The small angle or that strange looking little flat one. They work well,.. this is just a hard process to do a tutorial of when you can't really see anything in the pic except someone sticking a brush directly on their lashline from underneath and wiggling it. I did take some pics last time I was making a FOTD but you couldnt tell what I was doing.


----------



## Beautiful1 (Nov 22, 2005)

So Now I Understand What Tightlining Is Boy Do I Have A Lot To Practice LOL 
	

	
	
		
		

		
		
	


	




.


----------



## MAC_Pixie04 (Dec 14, 2005)

Quote:

   Originally Posted by *hp11989* 
_Thanks, Starlight, but she didn't really show what she did, and I simply cannot see any difference between the before and after photos (I'm 44 and becoming myopic!). So, what's all the hoo-hah about tightlining about (unless someone from here would like to reply to my plea for a blow-by-blow, close-up photo tutorial)?_

 

Yeah I didn't see a difference either between the before and after pics.


----------



## glitzgal97 (Jan 1, 2006)

yea the before and after pictures look pretty similar to me too!  zap2it's pictures show the difference more clearly


----------



## i_bleed_life (Mar 16, 2006)

do you put the brush virtical, like up inbetween your lashes?  Or horizontal like applying liner in the waterline?


----------



## cloverette (Mar 16, 2006)

haha, i've been doing this for a long time, too, and didn't know it had a name! however, i do it with an eyeliner. great effect!


----------



## MACActress (Mar 16, 2006)

While I don't use a brush, whenever I line my eyes for every day I do this. I had no idea it was special, I thought I was just putting my eyeliner in a different place. Sometimes it can sting if you slip, but liquid eyeliner works for me.


----------



## Raerae (Mar 16, 2006)

Heh...

I do a similar technique with my eyeliner...

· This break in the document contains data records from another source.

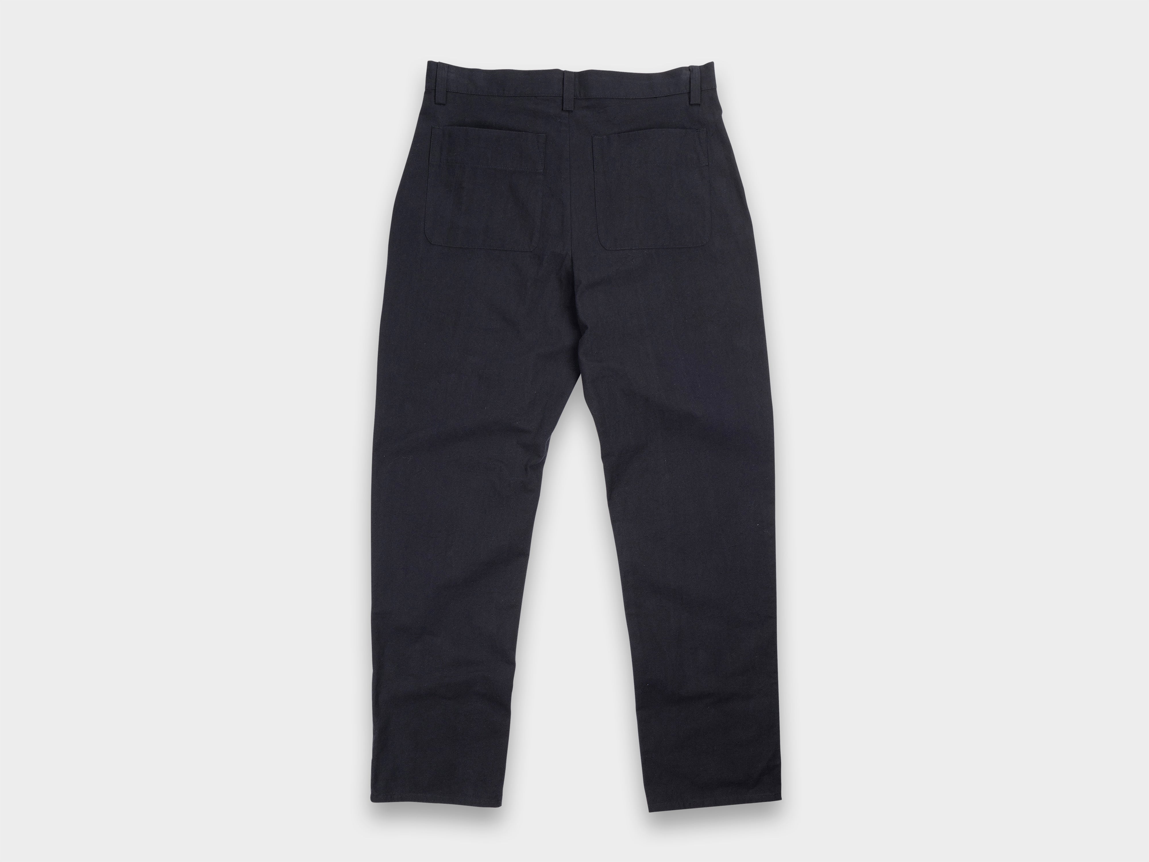 Relaxed straight-leg pants. Seat belt tape with adjustable button at the front, side-seam pockets and back patch pockets. Made in Japan.
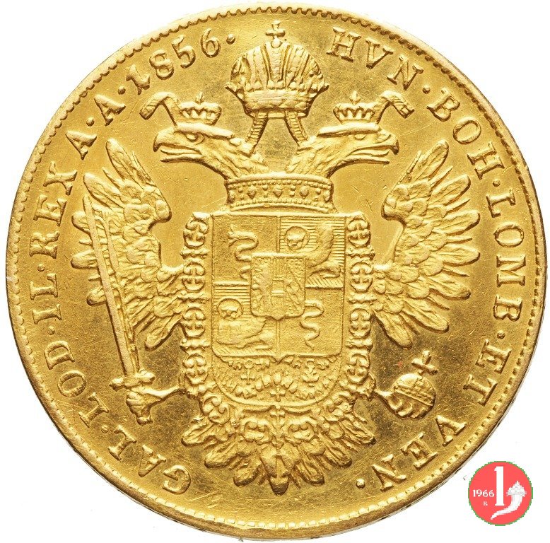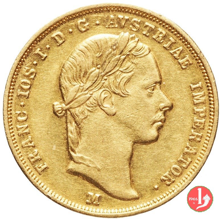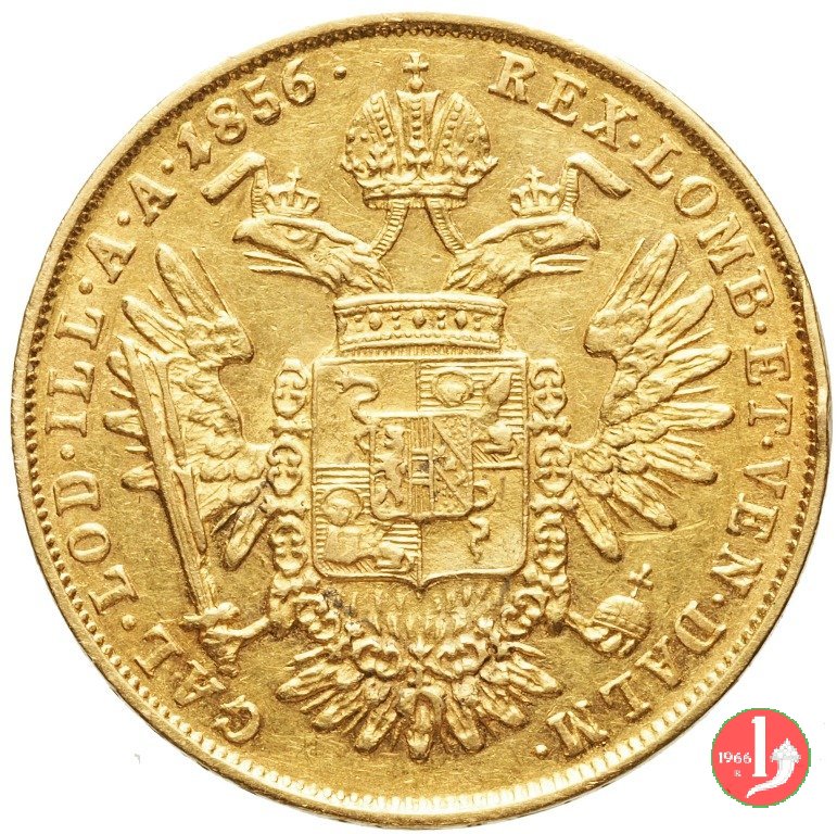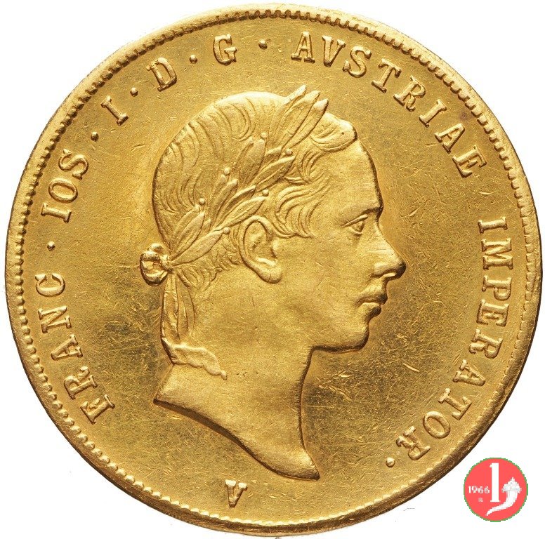 4 Ducati oro Dritto: Busto laureato a destra. Intorno FRANC. IOS. I. D. G. AVSTRIAE IMPERATOR. Sotto segno di zecca (V per Venezia) Verso: Aquila bicipite sormontata da corona imperiale e con lo scudo austriaco. Intorno HVN. BOH. LOMB. ET VEN. GAL. LOD. IL. REX A. A. e millesimo. Sotto, tra parentesi il valore: (4) | |
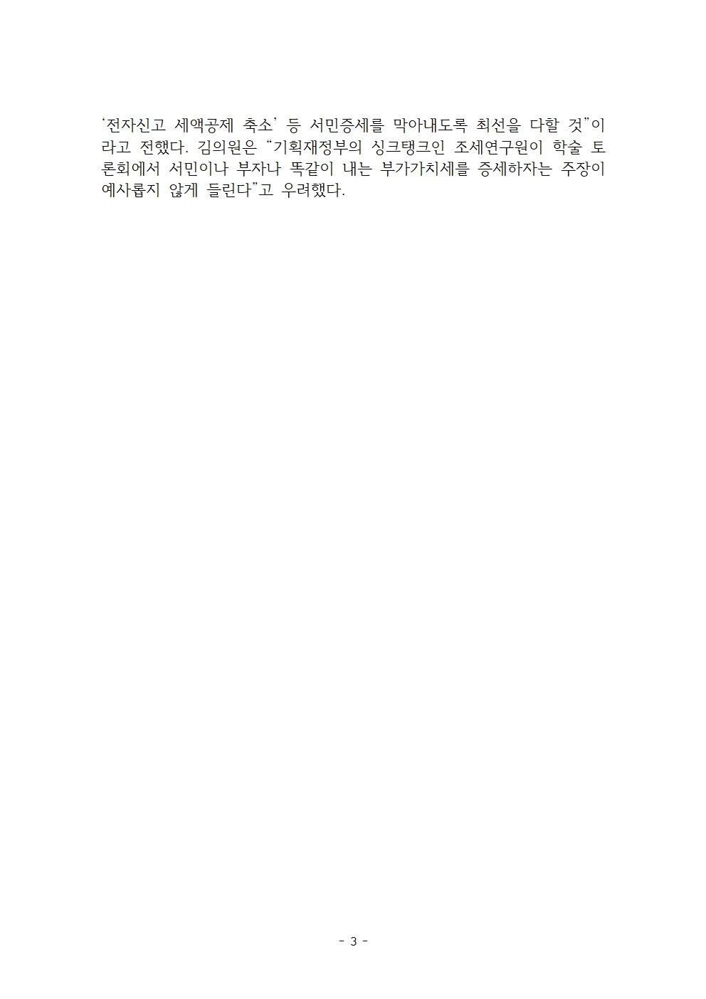 [김영환 의원(고양시 정) 보도자료] 김영환 의원, “尹정부, 세심한 부자감세, 무심한 서민증세”
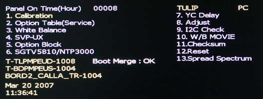 Alexzandr Что за системное меню,может быть сервисное? Сам Самсунг путается, не только я. Ниже соседние строчки из сервис мануала 3-2 How to Access Service Mode 3-2-1 Entering Factory Mode Дальше ссылки только на Factory Mode Добавление от 15.04.2007 13:47: Классный тест M8 Samsung-LE40M86BD (http://www.hdtvtest.co.uk/Samsung-LE40M86BD/) |
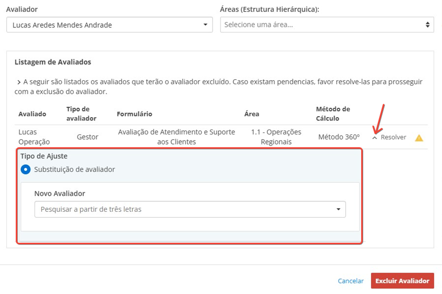 Havendo a necessidade de escolher um novo avaliador para o avaliado, tendo em vista o método de cálculo cadastrado, o sistema indicará com Resolver:
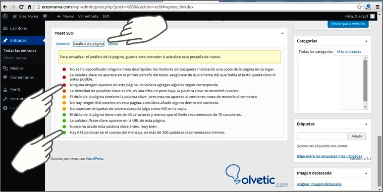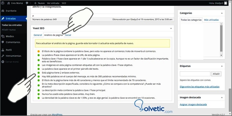 Apliquemos todos los correctivos, recuerda que es recomendable agregar 2 o 3 enlaces externos de páginas que tenga buen un buen Page Rank, tal como Wikipedia e incluir las palabras claves en el nombre de las imágenes. A continuación se aplican todas las sugerencias realizadas en el análisis, guardamos los cambios y verificamos nuevamente.
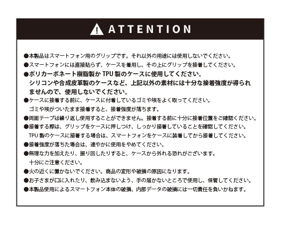 ●本製品はスマートフォン用のグリップです。それ以外の用途には使用しないでください。
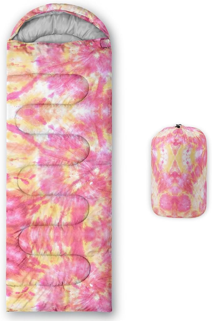 - 【Fits For 3 Seasons】: Size - 31 by 90 inches (W x D). Our Pink Psychedelic Tie Dyed sleeping bag can be used in 3 seasons with a design temperature of 32℉-77℉(0℃-25℃). These Pink Spiral Swirl bags also have a weather resistant waterproof design to keep you warm and prevent you from any dampness.
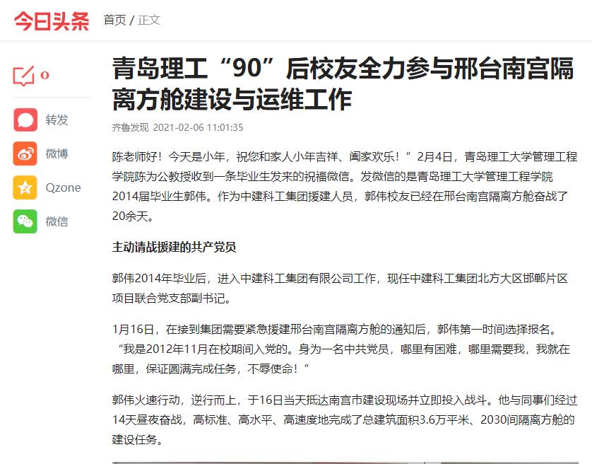 今日头条:青岛理工“90”后校友全力参与邢台南宫隔离方舱建设与运维工作
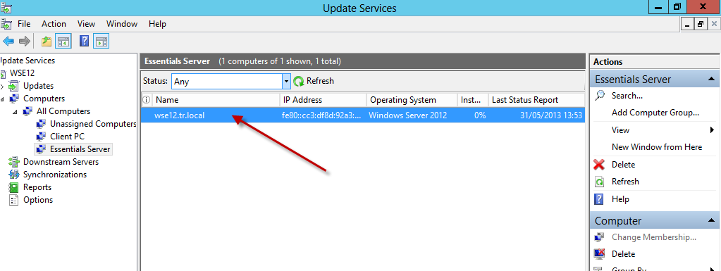 Would you please post the settings for when WSUS is installed on the same WSE12R2 box? I can’t seem to get my Essentials Server to show up under the correct COMPUTERS entry. It stays in UNASSIGNED COMPUTERS group. Thanks.
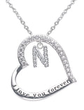 Silvery necklace, heart-shaped pendant with first letter necklace, 925 silver plated zircon pendant necklace, women's jewelry gift, Valentine's Day gift for women's wives and girls
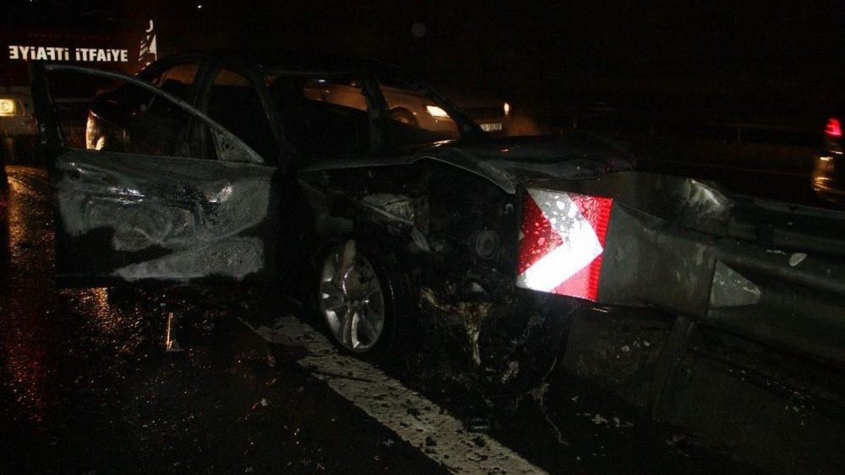 Kemerburgaz TEM Bağlantı Yolunda kaza yapan lüks araç yandı. Yanan araç kullanılamaz hale gelirken, yolda trafik yoğunluğu oluştu.Olay, saat 22.00 sıralarında Kemerburgaz TEM Bağlantı yolunda meydana geldi. Edinilen bilgiye göre, 34 ZH 8458 plakalı otomobilin sürücüsünün direksiyon hakimiyetini kaybetmesi sonucu yol ayrımındaki bariyere çarptı. Çarpmanın etkisiyle lüks araç bir anda alev alarak yanmaya başladı. Kısa sürede alevler arabayı sardı. İhbar üzerine olay yerine itfaiye ve polis ekibi sevk edildi. Olay yerine gelen itfaiye ekibi aracı söndürdü. Lüks araç kullanılamaz hale geldi. Araç nedeniyle yolda bir müddet trafik yoğunluğu oluştu. Aracın yoldan çekilmesinin ardından trafik akışı normale döndü.

I just use a pencil, angle it up in my eye socket, close my eye and drag the pencil from the inner corner to the outer corner of my eye....  This lines the upper waterline, as well as the location they were talking about regarding the "tightline"

I dont use any liner above my lashes, it doesn't look good on my eyes.  But I can see a distinct difference in how my eyes look when i line the upper inside, and when I dont.


----------



## star1692 (Mar 16, 2006)

Thisis am awesome technique. I'm glad I found this post cause I this it really does bring out my eyes and makes my lashes look much thicker....Thanks girls!


----------



## lovalotz (May 4, 2006)

I wish i could try that..it's a shame I have contacts =(


----------



## Pale Moon (May 4, 2006)

lovalotz, I wear contacts too yet I do tight lining. You should give it a try. 
	

	
	
		
		

		
		
	


	




 It looks so much more natural than lining above lashes.


----------



## mimo__ (Jun 25, 2006)

Would this be difficult to remove? That's the one thing I hate about eyeliner. You draw it too close to the lashline and you can't find out to remove it completely! Like completely-completely...


----------



## hickle (Jun 29, 2006)

I don't think it's that much more difficult to remove than any other style of lining.  Just get in there with a Q-tip.  That's what I always do.


----------



## BigMac (Jul 17, 2006)

Yes, I agree.  I've tried it before, but it sort of smears off after I blink too many times.  Is it necessary to use waterproof eyeliner?  That seems to smear also, and it's a pain to touch up.


----------



## Another Janice! (Jul 18, 2006)

The result pic is a red X!  Grrrrrrrrrrrrrrrr! lol!


----------



## Ralphdog (Jul 21, 2006)

I learned to tightline at the Laura Mercier counter about a year ago and I just love it.  If you really want to tightline well, I would recommend the LM products suggested in the previously linked review of the technique.  
I may be wrong, but I thought that LM was the one that "developed" the technique.  The brush doesn't look like anything special, but it is just right for getting into the lashline.  The cake eyeliners have amazing pigmentation and even with my contacts and eyedrops throughout the day, I haven't had any trouble with smudging.  It does take a bit of practice, but it's an amazing technique that really makes small eyes look bigger - especially IRL and not a photo.  
Although you can use a pencil or fluidline to line your waterline, it isn't really the same as tightlining because tightlining is lining in the lashline, not the waterline.  In fact, I often use a Q-Tip to remove any of the line that may have migrated onto my waterline while I was tightlining.  Using the LM products, I have had no trouble removing the tightlining with a gentle cleanser and water while washing my face at night.


----------



## DaizyDeath (Aug 18, 2006)

Quote:

   Originally Posted by *lily* 
_http://www.hashmisurma.com/hashmiweb/data/pro08.html

http://www.hashmisurma.com/hashmiweb/data/pro01.html

http://www.hashmisurma.com/hashmiweb/data/pro06.html

these kohl is much easir than to line the entire eyes with the eye pencil it seems very painful while these kohld when u line the eyes with it (while ur eyes are closed) it lines the uper and bottom lashes its so nice am using different brand but this is what i found while searching_

 
Their stuff seems interesting but then i was wondering whats in it beacuse they keep on saying cooling herbs? their stuff doesnt seem like its approved by FDA for eye use. Plus i didnt like where it said to apply black eye smudge to a new born baby?


----------